Biography
Gabriel M. Rebeiz (Fellow, IEEE) is a Professor of electrical and computer engineering at the University of California, San Diego. Prior to this appointment,
he was at the University of Michigan from 1988 to 2004. He received his Ph.D. from the California Institute of Technology. He has contributed to planar
mm-wave and THz antennas and imaging arrays from 1988-1996, and his group has optimized the dielectric-lens antennas, which is the most widely used
antenna at mm-wave and THz frequencies. Prof. Rebeiz’ group also developed 6-18 GHz and 30-50 GHz 8- and 16-element phased arrays on a single silicon
chip, making them one of the most complex RFICs at this frequency range. His group also demonstrated high-Q RF MEMS tunable fi lters at 1-6 GHz (Q> 200)
and the new angular-based RF MEMS capacitive and metal-contact switches. As a consultant, he developed the USM/ViaSat 24 GHz single-chip automotive
radar, phased arrays operating at X, Ku-Band and W-band for defense and commercial applications, the RFMD RF MEMS switch and the Agilent RF MEMS
switch.
Prof.
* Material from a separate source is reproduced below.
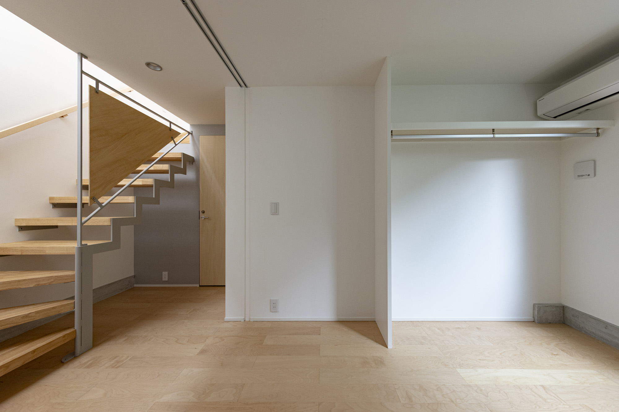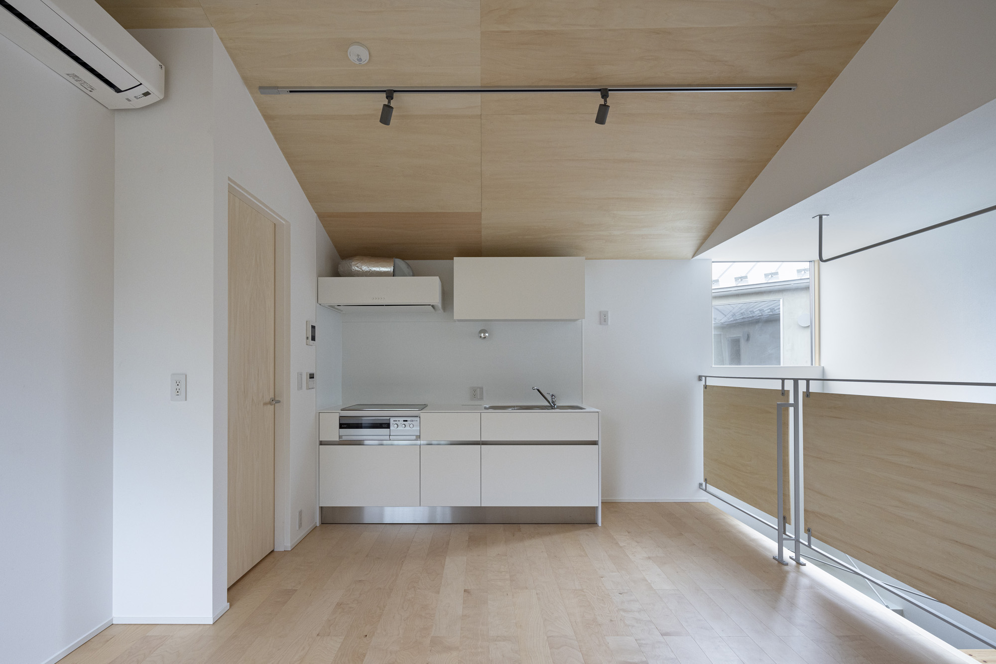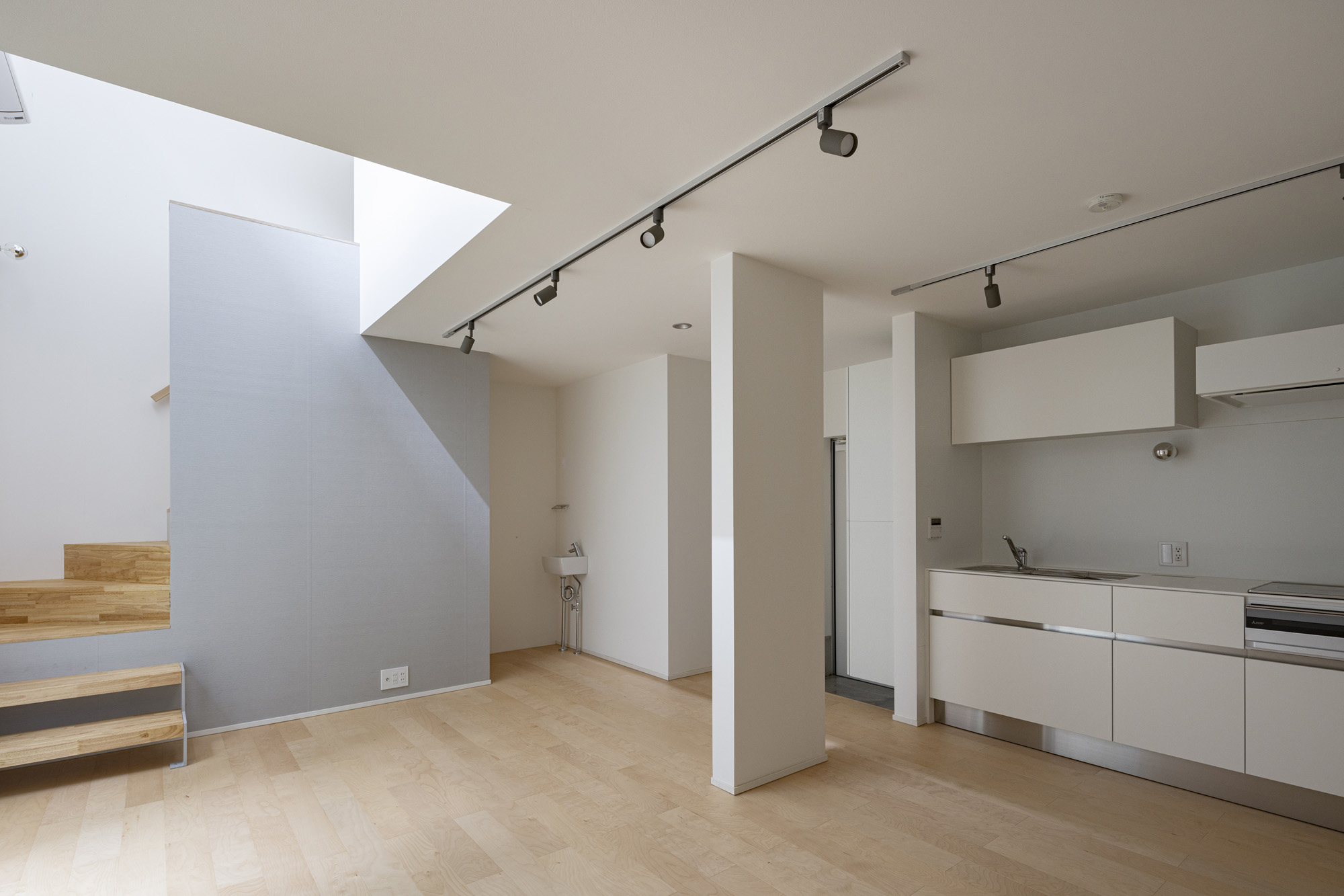 白やグレーの壁紙がやさしく空間を包み込み、落ち着いた雰囲気をつくり出す集合住宅。木目の天井やドア、柱がアクセントとなり、シンプルながらも自然の温もりを感じられる上質なデザインに仕上がっています。 キッチンは使いやすさを重視したシンプル設計で、毎日の家事がスムーズに。居室は窓から光がたっぷり入り込む明るい空間で、どんなインテリアにも馴染みやすく、心地よい暮らしを叶えてくれます。

Rebeiz is an IEEE Fellow, an NSF Presidential Young Investigator, an URSI Koga Gold Medal Recipient, the IEEE MTT 2003 Distinguished Young Engineer,
and is the recipient of the IEEE MTT 2000 Microwave Prize and the IEEE MTT 2010 Distinguished Educator Award. He also received the 1998 Eta-Kappa-Nu
Professor of the Year Award and the 1998 Amoco Teaching Award given to the best undergraduate teacher at the University of Michigan, and the 2008
Teacher of the Year Award at the Jacobs School of Engineering, UCSD. His students have won a total of 19 best paper awards at IEEE MTT, RFIC and AP-S
conferences. He has been an Associate Editor of IEEE MTT, and a Distinguished Lecturer for IEEE MTT and IEEE AP. He leads a group of 20 Ph.D. students and
5 Post-Doctoral Fellows in the area of mm-wave RFIC, microwaves circuits, RF MEMS, planar mm-wave antennas and terahertz systems, and is the Director of the UCSD/DARPA Center on RF MEMS Reliability and Design Fundamentals. He is the author of the book, RF MEMS: Theory, Design and Technology, Wiley (2003).